For Sarma, this presents a strategic advantage to sell to companies, for whom Assam might be an unknown tech manufacturing destination. Karnataka and Tamil Nadu already have substantial tech manufacturing hubs with close connectivity with ports and proximity to urban hubs—factors which Assam is yet to build out.

To make up for this, Sarma is offering companies an immediate tranche of subsidies subject to the Centre’s support.

“We’re offering a total of ₹25,000 crore ($3 billion) as subsidies for semiconductors and electronics component makers. This tranche is not being rolled out in phases—we’re ready with it, and if we get the right companies, we’re ready to offer them these subsidies within one week of the Centre offering their subsidy.

Our policy framework for electronics and semiconductors, which has already been notified, offers 60% of the Centre’s subsidy as additional incentives to companies setting up shop in Assam,” Sarma added.

The state has been a benefactor of multiple announcements from industrial conglomerates in the recent past.

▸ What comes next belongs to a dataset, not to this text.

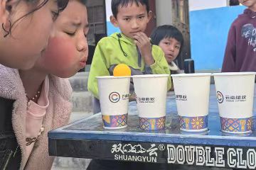 最后,支教隊員們帶領同學們開展了趣味運動,進行乒乓球過河游戲。孩子們分組進行挑戰,用嘴巴吹氣,使乒乓球順利“渡”過裝滿水的容器。通過這個趣味游戲,孩子們在輕松愉快的氛圍中鍛煉了能力,也加深了彼此之間的友誼。

In February this year, the Tata group announced a ₹30,000 crore ($3.5 billion) investment in Assam, which will span mobile phone manufacturing and renewable energy development.

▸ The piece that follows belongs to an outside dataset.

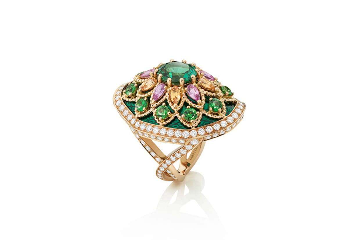 Bague en or rose sertie de tourmaline bleu-vert, saphirs roses, grenats spessartites, tsavorites, diamants et émail guilloché vert de Mellerio

Earlier this month, billionaires Gautam Adani and Mukesh Ambani individually announced investments of ₹50,000 crore ($5.8 billion) and ₹75,000 crore ($8.8 billion) to build facilities that will influence sectors such as artificial intelligence, telecommunications, digital connectivity, green energy, infrastructure and logistics.

All of this is a part of the state’s pitch to develop a self-sustaining circular economy in technology over a decade.

“It’s not as much about the revenue that we will generate out of our push to build electronics in India. In the long run, we hope to create mass-scale employment because a lot of activities linked directly and indirectly to electronics and semiconductors involve labour-intensive processes. In the long run, as these industries mature, jobs will soar, and this will lead to industrialization and development at scale,” Sarma said.

Industry stakeholders said the region’s push as a greenfield area of development can gain as the Tata chip testing plant in Jagiroad, 55 km from the capital Guwahati, nears completion.

“The chip testing plant will produce 48 million chips per day, and this will necessitate the presence of suppliers closer to the region—chip testing is a low-margin business, and you don’t want suppliers and components makers based in other regions. This would be key, and a lot of questions around whether Assam’s pitch will find takers will depend on the development that the Tata, Reliance and Adani groups undertake in the region,” said a senior consultant with direct knowledge of development of the government’s electronics and semiconductor plans.

To this end, Sarma added that “there will be export opportunities for the Tata chip plant, and only internal demand will not be enough.”

“The Tata chip plant has a strategic need for gas suppliers, and a number of these suppliers are now setting up facilities near Jagiroad to build facilities there. More such suppliers will eventually come, which is why the subsidies and the tri-nation link-road are critical too,” he said.